Exercise instructions
The line containing "1. 浙江工业大学土木工程学院《854材料力学(II)》历年考研真题汇总" marks the start of the required copy, which runs to the final line of the entries; return those lines exactly, without any pictures.

Records for this task
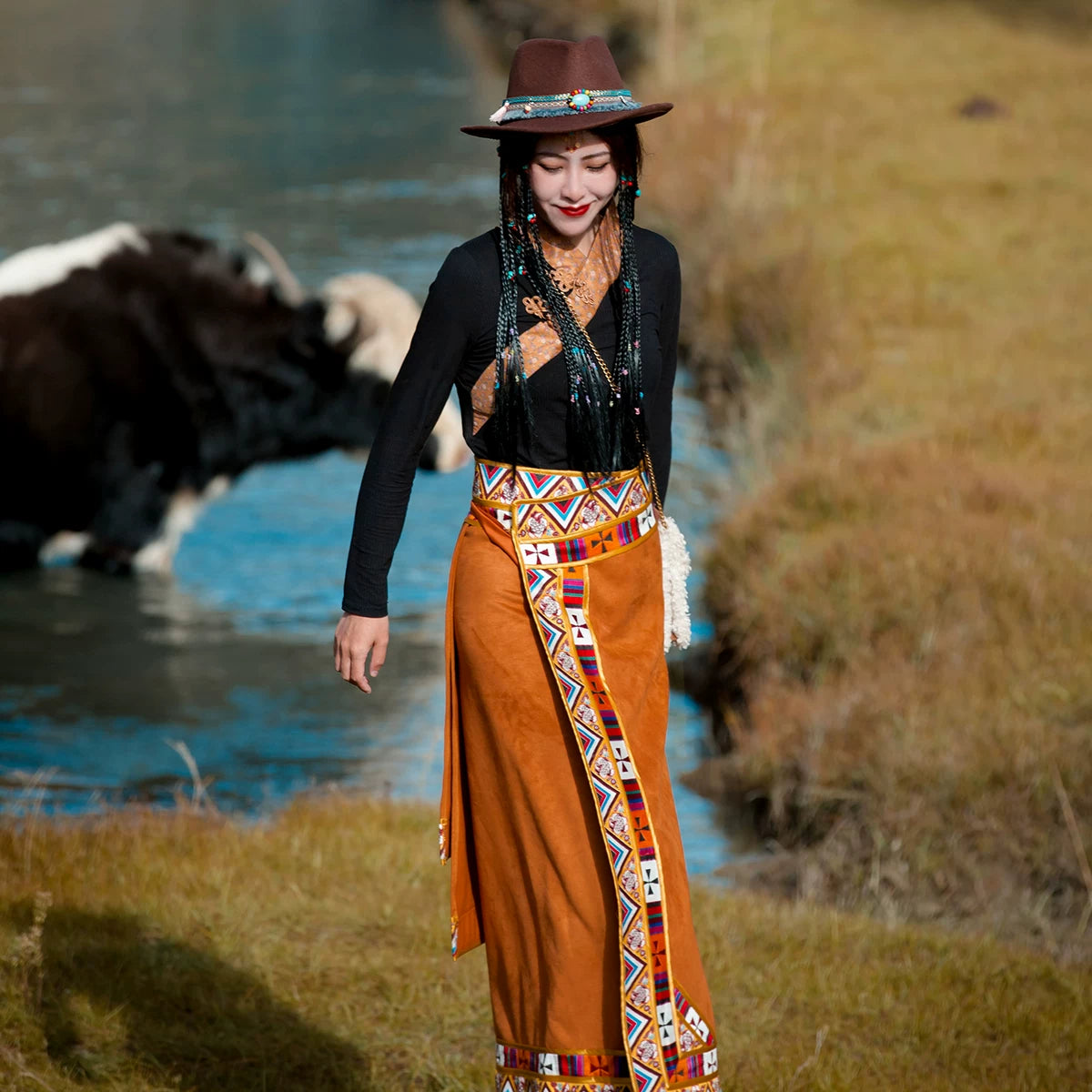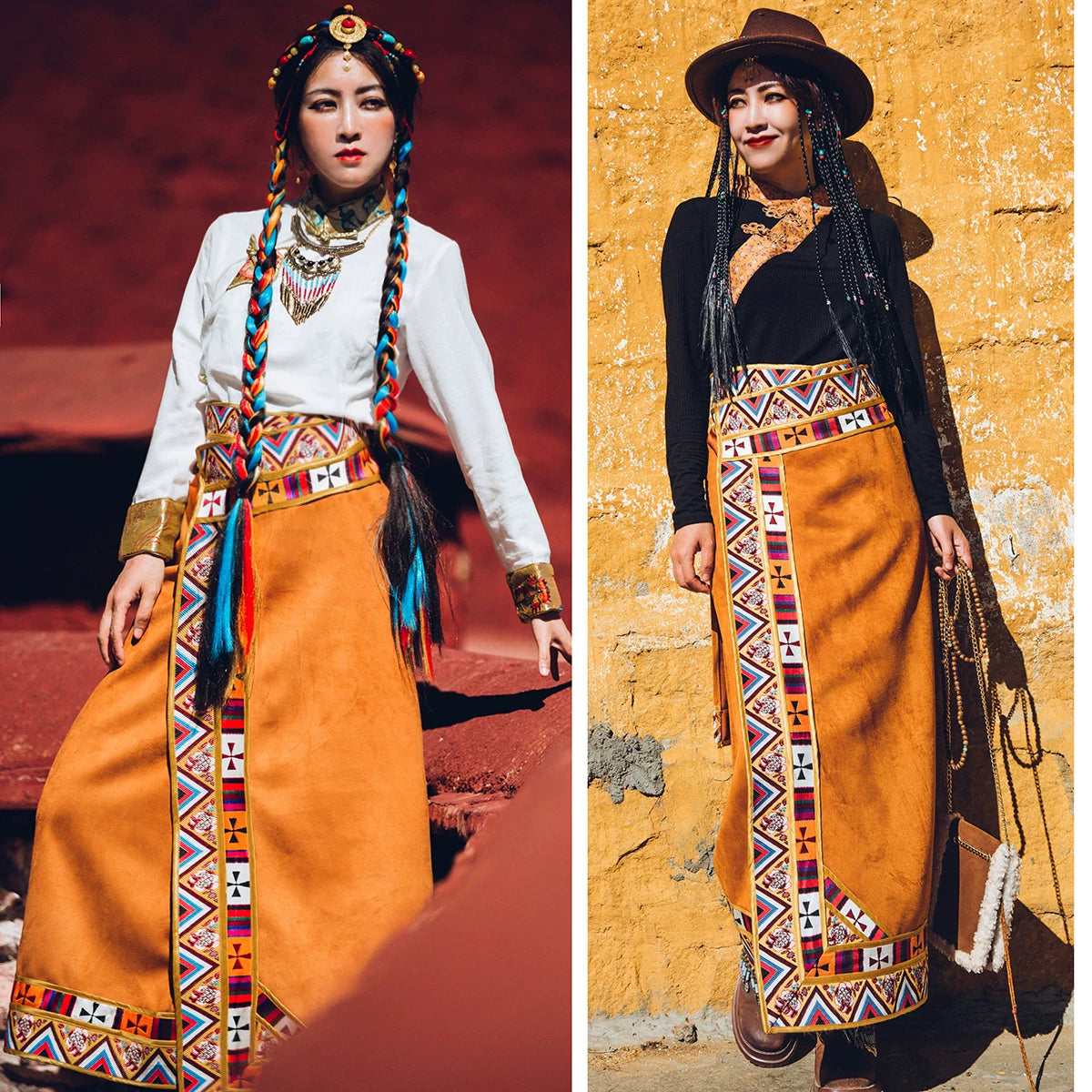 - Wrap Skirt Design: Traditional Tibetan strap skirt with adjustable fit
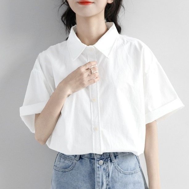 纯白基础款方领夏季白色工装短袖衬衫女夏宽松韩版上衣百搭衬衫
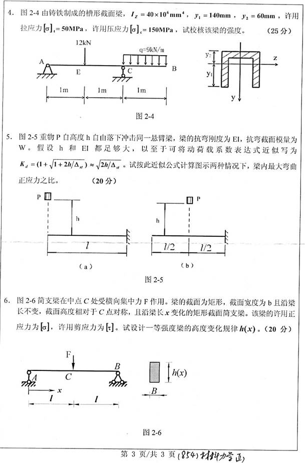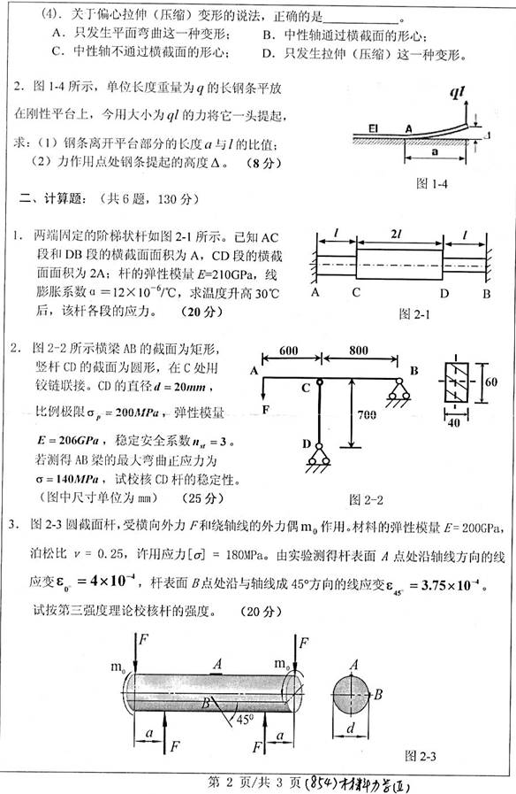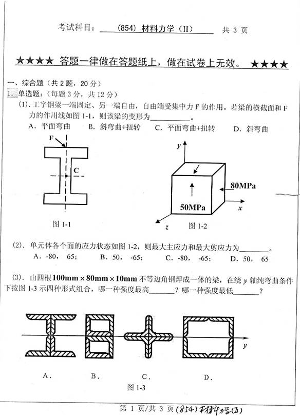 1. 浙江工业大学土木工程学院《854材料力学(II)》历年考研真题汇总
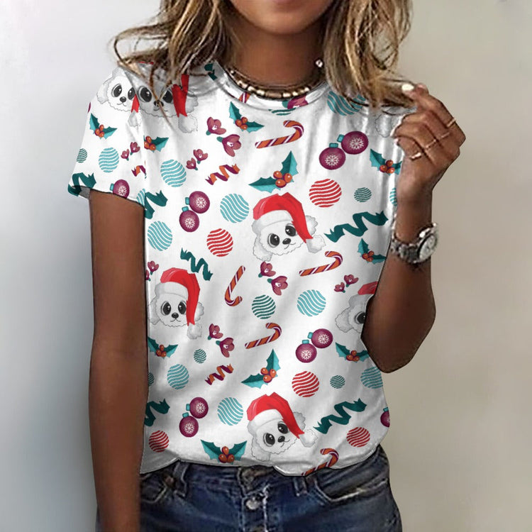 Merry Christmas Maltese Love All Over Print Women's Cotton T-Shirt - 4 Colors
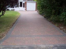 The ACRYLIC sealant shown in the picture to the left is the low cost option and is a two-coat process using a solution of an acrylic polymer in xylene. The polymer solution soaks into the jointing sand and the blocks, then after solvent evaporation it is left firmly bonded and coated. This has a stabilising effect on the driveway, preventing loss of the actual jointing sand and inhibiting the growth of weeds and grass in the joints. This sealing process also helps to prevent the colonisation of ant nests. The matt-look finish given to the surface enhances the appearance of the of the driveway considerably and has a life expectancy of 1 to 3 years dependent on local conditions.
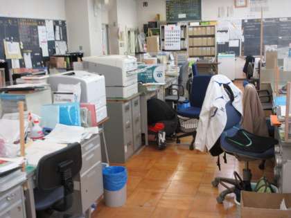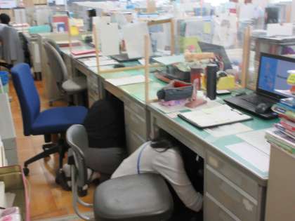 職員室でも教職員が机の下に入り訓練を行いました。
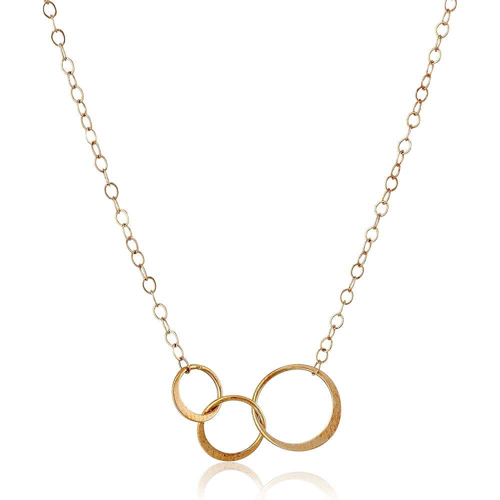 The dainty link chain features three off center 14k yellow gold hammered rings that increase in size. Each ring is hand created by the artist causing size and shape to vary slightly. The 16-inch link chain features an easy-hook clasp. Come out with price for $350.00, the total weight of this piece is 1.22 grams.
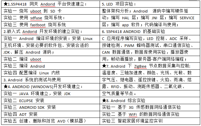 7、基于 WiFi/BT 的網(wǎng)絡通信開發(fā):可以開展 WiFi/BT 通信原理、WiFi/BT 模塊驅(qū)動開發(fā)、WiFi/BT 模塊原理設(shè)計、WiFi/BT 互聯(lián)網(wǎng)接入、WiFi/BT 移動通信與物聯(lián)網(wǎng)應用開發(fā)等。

Solution to the exercise
 1. 浙江工业大学土木工程学院《854材料力学(II)》历年考研真题汇总
 Merry Christmas Maltese Love All Over Print Women's Cotton T-Shirt - 4 Colors
 The ACRYLIC sealant shown in the picture to the left is the low cost option and is a two-coat process using a solution of an acrylic polymer in xylene. The polymer solution soaks into the jointing sand and the blocks, then after solvent evaporation it is left firmly bonded and coated. This has a stabilising effect on the driveway, preventing loss of the actual jointing sand and inhibiting the growth of weeds and grass in the joints. This sealing process also helps to prevent the colonisation of ant nests. The matt-look finish given to the surface enhances the appearance of the of the driveway considerably and has a life expectancy of 1 to 3 years dependent on local conditions.
 職員室でも教職員が机の下に入り訓練を行いました。
 The dainty link chain features three off center 14k yellow gold hammered rings that increase in size. Each ring is hand created by the artist causing size and shape to vary slightly. The 16-inch link chain features an easy-hook clasp. Come out with price for $350.00, the total weight of this piece is 1.22 grams.
 7、基于 WiFi/BT 的網(wǎng)絡通信開發(fā):可以開展 WiFi/BT 通信原理、WiFi/BT 模塊驅(qū)動開發(fā)、WiFi/BT 模塊原理設(shè)計、WiFi/BT 互聯(lián)網(wǎng)接入、WiFi/BT 移動通信與物聯(lián)網(wǎng)應用開發(fā)等。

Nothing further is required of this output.